9. Epilogue
Epilogue
Shannon
I splash some water on my face to see if I can feel reinvigorated once more. I quickly brush my teeth and put the toothbrush away. The past three months have been a punishment of some sort. I go back to the bed and pick up a cracker from the package on the nightstand. This and ginger ale are all I can eat most mornings.
They're supposed to settle your stomach, but I don't feel settled at all. I lay back on my bed and placed a cool, wet washcloth on my forehead. That helps with the migraine. I should know by now that chocolate triggers them, but whenever I feel like I can eat, I splurge on chocolate. Thus, the migraine.
I know that at three months, I'm just starting the journey, and I don't blame Junior for being uncomfortable. Well, most days I don't. The guys are already head over heels for this baby, but I'm a bit scared of becoming a mom. I hear the front door open, and I know that my men are back from wherever they went today.
"Knock, knock," Sean says softly.
"I'm awake," I answer without opening my eyes. That would take too much energy.
"Baby, you should see all the goodies we got the baby."
"You went shopping without me?" I sit up abruptly, and the washcloth ends up in my lap with a thud.
They have the decency to look ashamed at my words.
"You weren't feeling well," John explains.
"Aren't you supposed to have some empathetic feelings towards me and be, I don't know, a bit more considerate with your partner?" My nausea makes a guest appearance, and I put my hand over my mouth. "Oh God, I need to vomit."
I run into the bathroom, closing the door on their faces. A couple of minutes later, I came out and found them sitting in the room. I'm guessing they knew this discussion wasn't over.
"Regardless of the fact that what just happened proved your point, I'd like to ask you to at least invite me next time. Let me accept or deny, but let me feel included. End of speech." I lay back down on the bed and reapply my washcloth. "Besides, it's too soon to be shopping."

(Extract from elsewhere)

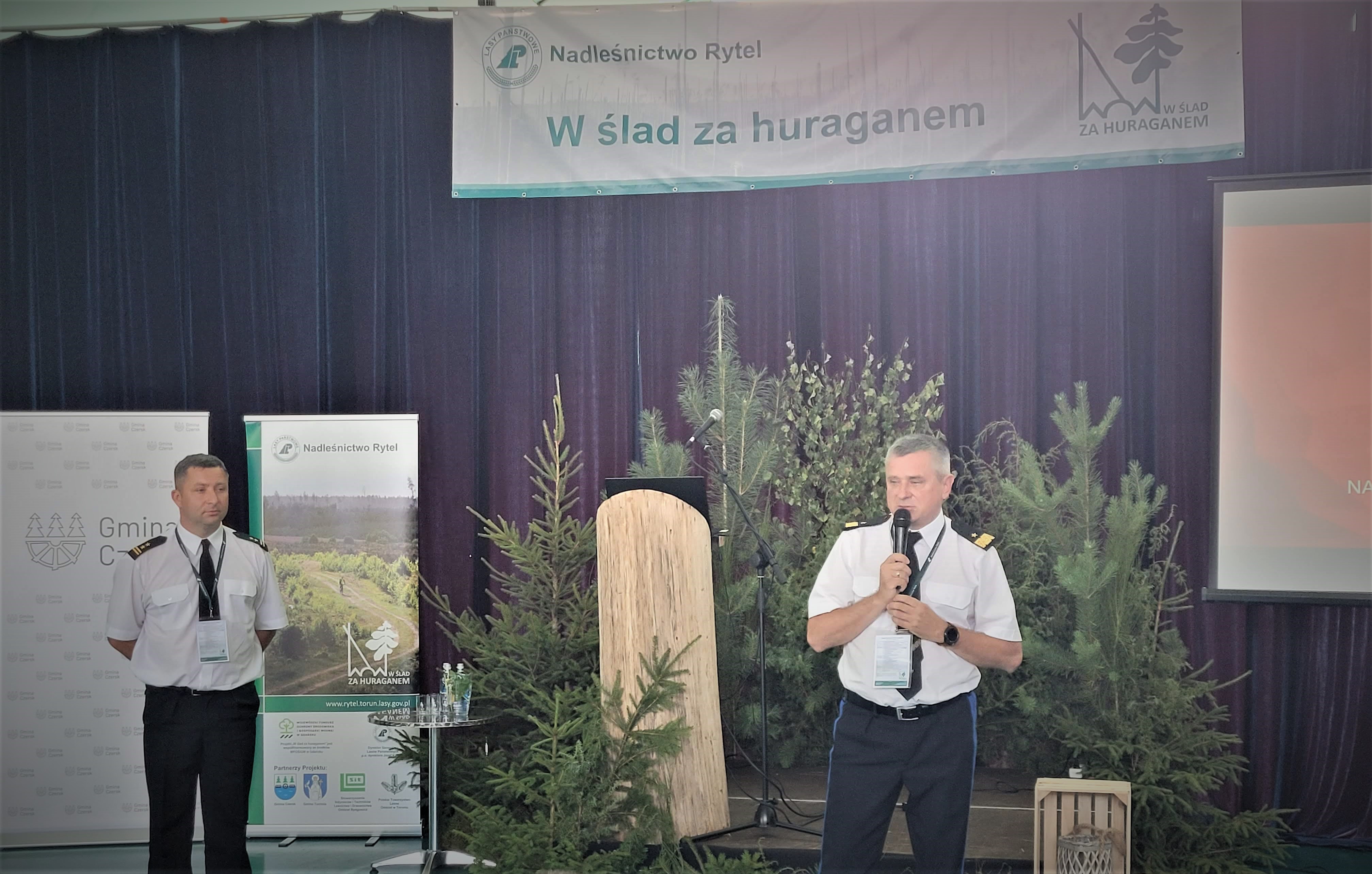 Obchody rozpoczęly się konferencją naukową zorganizowana przez Nadleśnictwo pt. “w ślad za huraganem” gdzie swoje referaty wygłosiło wielu znakomitych gości. Wśród referujących był nadbryg. Piotr Socha Pomorski Komendant Wojewódzki oraz bryg. Błażej Chamier Cieminski Komendant Powiatowy Państwowej Straży Pożarnej w Chojnicach.

"We'll have to agree to disagree on that. We're ex-military. We need to be prepared for any eventuality. Our baby is no exception." John says.
"Do you want me to get another ice pack for that washcloth, Shannon?" Sean kindly asks.
"Yes, please." I sigh in relief. John pushes me aside so I'm in the center of the bed, and he rolls in beside me. His weight on the mattress gives me comfort, and I know soon I'll be cocooned by both of them.
"We'll be more considerate in the future, baby, I promise."
Sean comes back and hands John the ice pack. He wraps it inside my washcloth and places it back on my forehead. He takes his shoes off and gets on the bed on my other side.
"Do you think we'll be good parents?" I ask, a bit scared of the answer. They both take a bit of time to answer, making me more anxious.
"We have a strong relationship, and there is love in this home. I know love doesn't solve everything, but with that as a foundation, I think we'll do great." John answers.
"Stop worrying about this, Shannon,” Sean says. “We’ll start a savings account designed for therapy for the kid.” He chuckles.
“OMG, that's so not funny!"
"Get on your side so we can spoon." Sean nudges my arm annoyingly.
"I need my ice pack."
"We'll put it back on after cuddling. You need this more."
I do need to be in their arms. It soothes me and makes me feel loved. I know our lives will become crazy when the baby comes, but I think it will be crazy good. And I've got two solid partners who are making sure that I am taken care of every single day, in every sense of the word. It's an amazing feeling, and I wish I could bottle it and sell it in my Etsy shop.
I get on my side, Sean to my back and John in front of me, and smile at them. This is my life, and I wouldn't change it for anything in the world.
"I love you both," I whisper, even though there is no one else to hear us.
"And we both love you as well," John adds. "Forever."